Provided data:
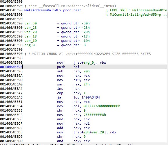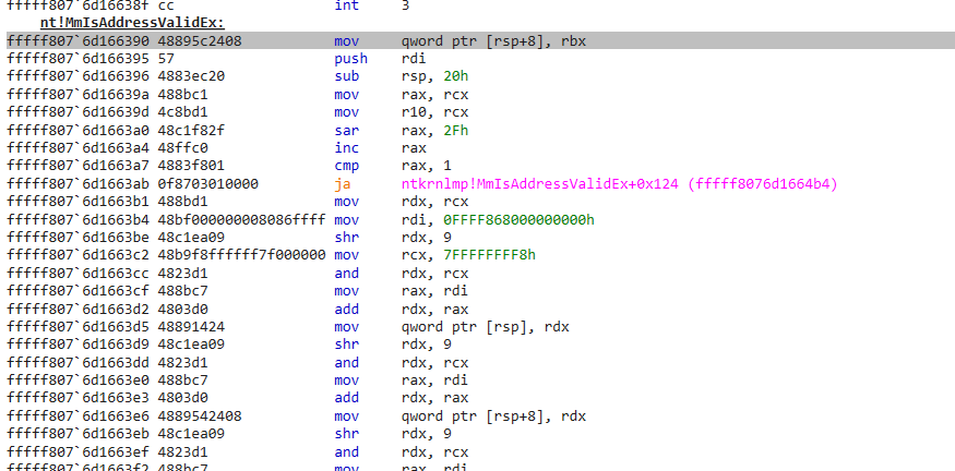 ida打开ntoskrnl.exe,跳转到函数MmIsAddressValidEx。
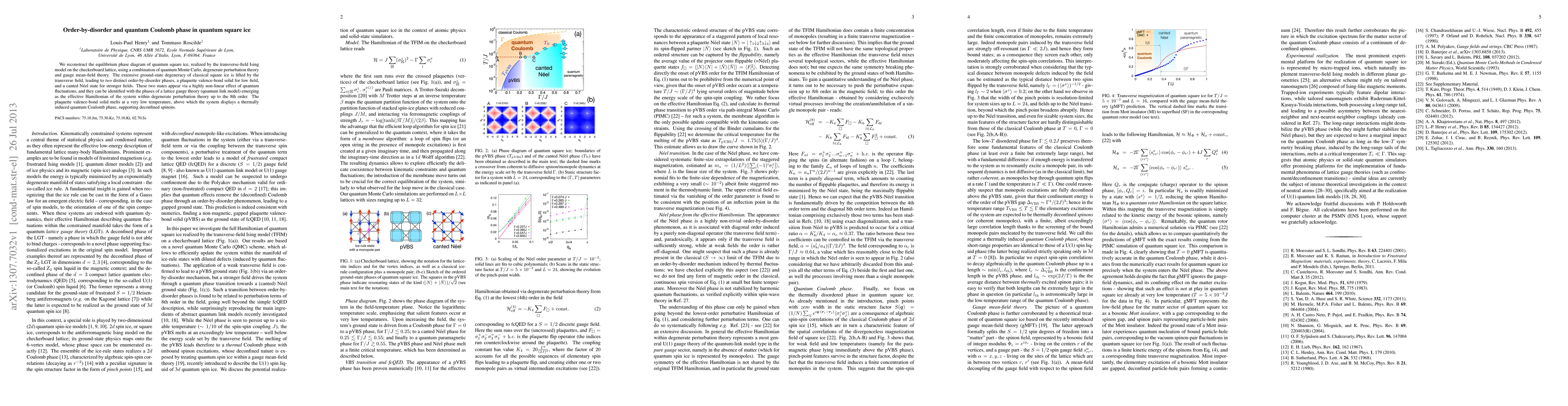 We reconstruct the equilibrium phase diagram of quantum square ice, realized by the transverse-field Ising model on the checkerboard lattice, using a combination of quantum Monte Carlo, degenerate perturbation theory and gauge mean-field theory. The extensive ground-state degeneracy of classical square ice is lifted by the transverse field, leading to two distinct order-by-disorder phases, a plaquette valence-bond solid for low field, and a canted Neel state for stronger fields. These two states appear via a highly non-linear effect of quantum fluctuations, and they can be identified with the phases of a lattice gauge theory (quantum link model) emerging as the effective Hamiltonian of the system within degenerate perturbation theory up to the 8th order. The plaquette valence-bond solid melts at a very low temperature, above which the system displays a thermally induced quantum Coulomb phase, supporting deconfined spinons.
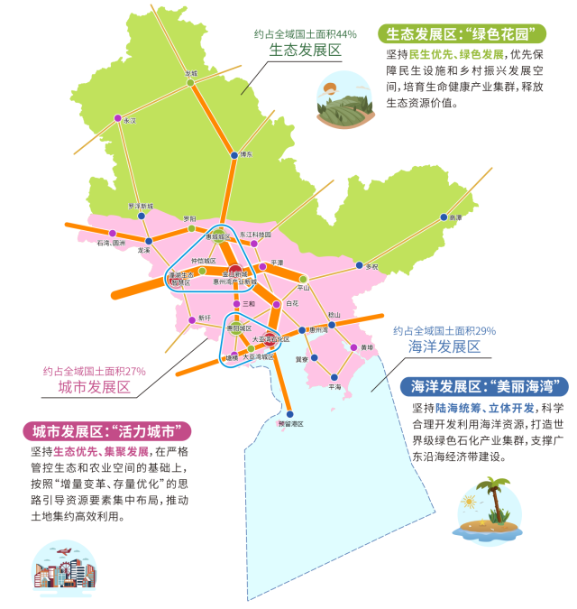 城市发展区则定位为“活力城市”,占全域国土面积27%,惠城、仲恺、惠阳和大亚湾四个市区组团为主体。将坚持生态优先、集聚发展,按照“增量变革、存量优化”思路引导资源要素集中布局,推动土地集约高效利用。

Exercise goal: Transcribe the listing above in full and exactly; no pictures belong in the copy.

Response below:
 ida打开ntoskrnl.exe,跳转到函数MmIsAddressValidEx。
 We reconstruct the equilibrium phase diagram of quantum square ice, realized by the transverse-field Ising model on the checkerboard lattice, using a combination of quantum Monte Carlo, degenerate perturbation theory and gauge mean-field theory. The extensive ground-state degeneracy of classical square ice is lifted by the transverse field, leading to two distinct order-by-disorder phases, a plaquette valence-bond solid for low field, and a canted Neel state for stronger fields. These two states appear via a highly non-linear effect of quantum fluctuations, and they can be identified with the phases of a lattice gauge theory (quantum link model) emerging as the effective Hamiltonian of the system within degenerate perturbation theory up to the 8th order. The plaquette valence-bond solid melts at a very low temperature, above which the system displays a thermally induced quantum Coulomb phase, supporting deconfined spinons.
 城市发展区则定位为“活力城市”,占全域国土面积27%,惠城、仲恺、惠阳和大亚湾四个市区组团为主体。将坚持生态优先、集聚发展,按照“增量变革、存量优化”思路引导资源要素集中布局,推动土地集约高效利用。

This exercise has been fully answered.